To the Editor:
The health impact of coronavirus disease (COVID-19) appears disproportionate across populations. Biological mechanisms of prognosis of COVID-19 (1) suggest that long-term exposure to ambient air pollution may contribute to health disparities. Mortality impacts including those from pneumonia and cardiovascular events due to long-term exposure to air pollution are well established (2–5). Early studies covering multiple neighborhoods (e.g., U.S. counties) suggest that long-term exposure to particulate matter ⩽2.5 μm in aerodynamic diameter (PM2.5) and ozone (O3) may be linked with higher risk of COVID-19 mortality (6–8).

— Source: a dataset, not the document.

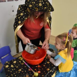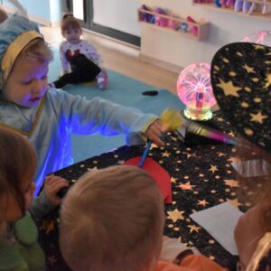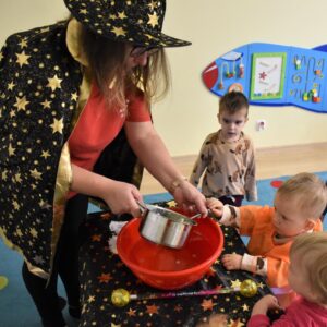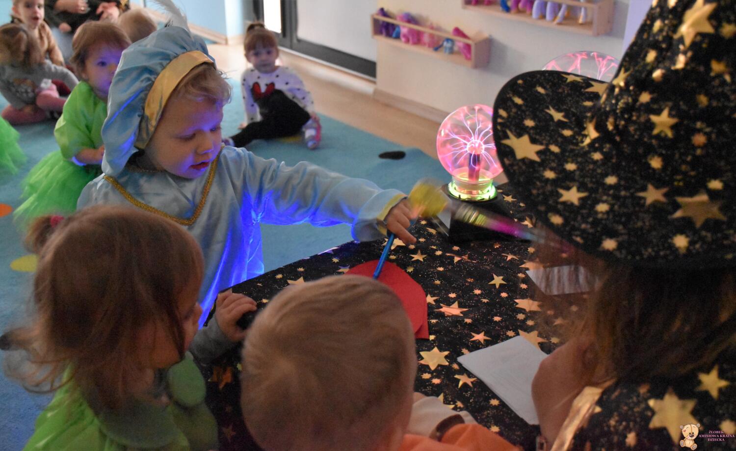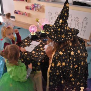 W dniu dzisiejszym w Amisiowej Krainie Dziecka obchodziliśmy Andrzejki. Zrobiło się wyjątkowo, nastrojowo i magicznie. Dzieci przebrały się w piękne kolorowe stroje, słuchaliśmy nastrojowej muzyki, oraz bawiliśmy się przy wróżbach andrzejkowych. Ciocia zamieniła się w czarodziejkę i prowadziła dla dzieci zabawy z wróżbami, a także przelewała wosk, by pokazać naszym Amisiakom jak wygląda zabawa podczas tego święta.

However, many questions remain regarding linkages between COVID-19 and air pollution. Particularly, pollution levels vary by community, and evidence based on high spatially resolved data such as for neighborhoods is lacking (9). Potential determinants of transmission and prognosis of COVID-19 (e.g., urbanicity, socioeconomic conditions, race/ethnicity, health behaviors, access to health care) are disproportionately distributed across neighborhoods. These factors may have impacted findings of early studies because of possible residual confounding.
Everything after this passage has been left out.